Посещение Львом Николаевичем нашего хутора было увековечено Е. С. Томашевичем, мужем моей сестры, который сфотографировал всех нас на полянке около леса. Эта фотография хранится в Москве в Толстовском музее и очень ценится, так как за этот период времени она единственная. На ней сняты: 1) Алехин, 2) Хохлов, 3) Лев Николаевич, 4) Рощин — интеллигент, работавший с братом Андреем24, 5) брат Андрей, 6) Лиза — моя жена, 7) я и 8) жена брата Андрея Евгения Васильевна Рахманова25.

349

После экскурсии с Веней я был в Ясной Поляне еще раз в 1908 г. с К. Ф. Коношевичем, который тогда жил у нас на хуторе в качестве интеллигентного работника. Об этом посещении есть упоминание в дневнике Гусева26. После этого Лев Николаевич стал прихварывать, а меня стали поглощать пчеловодные дела и интересы. Более редкие посещения мною Ясной Поляны отчасти были обусловлены и тем, что по отношению к Льву Николаевичу была сделана с нашей стороны некоторая неловкость, о которой я после жалел. Это было перед первой революцией. По всему югу России прошла волна еврейских погромов, устраивавшихся правительством и особенно сильно разразившихся в Кишиневе, где тогда жила семья Фригоф — сестры жены. Их разгромили, и сами они едва спаслись, спрятавшись куда-то и находясь в постоянном страхе, что их убежище будет открыто, тем более, что у них были маленькие дети, которых нельзя было уговорить, чтобы они сидели тихо.

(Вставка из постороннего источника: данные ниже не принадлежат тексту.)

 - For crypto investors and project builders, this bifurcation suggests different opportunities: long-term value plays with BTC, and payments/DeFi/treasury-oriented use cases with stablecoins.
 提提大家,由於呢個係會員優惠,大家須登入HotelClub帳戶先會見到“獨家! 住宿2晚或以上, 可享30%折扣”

Когда мы обо всем этом узнали, то первая мысль была: надо помочь, но чем? У нас у самих тогда ничего не было, и помощь с нашей стороны могла быть самая ничтожная, совсем не соответствующая размеру бедствия. Жене пришла мысль обратиться за помощью к Льву Николаевичу, чтобы он среди своих знакомых устроил сбор. Мне очень не хотелось обращаться к нему с такой просьбой, потому что я знал, как Лев Николаевич смотрит на денежную помощь (хотя в пользу слепого М-ва27, возвращавшегося из ссылки, он собрал некоторую сумму). Это было все равно, как если бы к часовому мастеру обратиться с просьбой подковать лошадь; но, уступая просьбам жены, я написал ему письмо, будучи заранее уверен, что ничего из этого не выйдет, кроме неприятности старику. И действительно ответ получился именно такой, какой и надо было ожидать. Это — второе письмо, которое у меня сохранилось из всех писем Льва Николаевича. В свое время я его письма передал знакомому доктору Лейтейзену, который собирался ехать к Черткову с тем, чтобы он передал их Черткову для напечатания. Но у Лейтейзена сделали обыск, он попал в тюрьму, а письма пропали.

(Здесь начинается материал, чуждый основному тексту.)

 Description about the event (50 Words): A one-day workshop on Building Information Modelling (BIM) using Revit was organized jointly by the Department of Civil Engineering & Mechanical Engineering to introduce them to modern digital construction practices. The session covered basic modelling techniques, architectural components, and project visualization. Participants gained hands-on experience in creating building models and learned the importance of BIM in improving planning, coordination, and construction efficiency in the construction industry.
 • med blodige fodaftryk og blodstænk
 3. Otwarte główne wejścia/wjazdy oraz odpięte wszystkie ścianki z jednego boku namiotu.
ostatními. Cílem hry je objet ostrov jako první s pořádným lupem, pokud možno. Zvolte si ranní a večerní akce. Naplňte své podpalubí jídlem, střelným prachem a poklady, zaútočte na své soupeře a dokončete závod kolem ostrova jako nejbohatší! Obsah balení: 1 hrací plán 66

Вот это сохранившееся у меня письмо Толстого.

«Дорогой Анатолий Степанович.

Кишиневское злодеяние меня очень поразило, и я высказал в прилагаемом письме мой взгляд на это ужасное событие28. Высказал я тоже в телеграмме в 30 слов в Филадельфию, в Америку, вкратце то же самое29. Цензурно же писать об этом я, по крайней мере, ничего не могу. Иоанн Кронштадтский прекрасно сказал то, что всякий неозверевший человек думает и чувствует30.

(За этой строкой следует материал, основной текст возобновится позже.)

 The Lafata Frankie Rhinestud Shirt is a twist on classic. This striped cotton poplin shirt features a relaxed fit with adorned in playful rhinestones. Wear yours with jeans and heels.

Очень сожалею, что не могу исполнить вашего желания участвовать и заняться материальной помощью одному из пострадавших семейств. Не говоря о том, что для меня нет причины заняться помощью для этого, а не для другого семейства, я настолько стар и слаб и занят, что никак не могу этого сделать. Пожалуйста не сетуйте на меня за это. Очень буду рад увидать вас, если проедете в Тулу. Прошу передать привет вашей жене.

Лев Толстой».

Думаю, что Лев Николаевич понял, что побудило меня обратиться к нему с просьбой о помощи, и у него не осталось от моей просьбы дурного осадка, но мне долго после этого было неловко заезжать в Ясную Поляну.

350

III

ЯСНОПОЛЯНСКИЕ ДРУЗЬЯ И ЗНАКОМЫЕ

1. ИСААК ФАЙНЕРМАН

Первое время моего знакомства с Львом Николаевичем совпало с наиболее активным периодом его проповеднической деятельности. Вокруг него группировались тяготевшие к нему люди, среди которых самым выдающимся лицом, несомненно, был еврейский юноша Исаак Файнерман, потом писавший в литературе свои воспоминания о Толстом под псевдонимом Тенеромо (латинский перевод его фамилии)31. Высокого роста, стройный, с открытым лбом под шапкою каштановых волос, с живыми серыми глазами, орлиным носом, с только что начавшей пробиваться растительностью, с улыбкой, как бы изнутри озарявшей все его лицо, с выразительной образной речью он был портретом апостола Павла в молодости, как его изображают.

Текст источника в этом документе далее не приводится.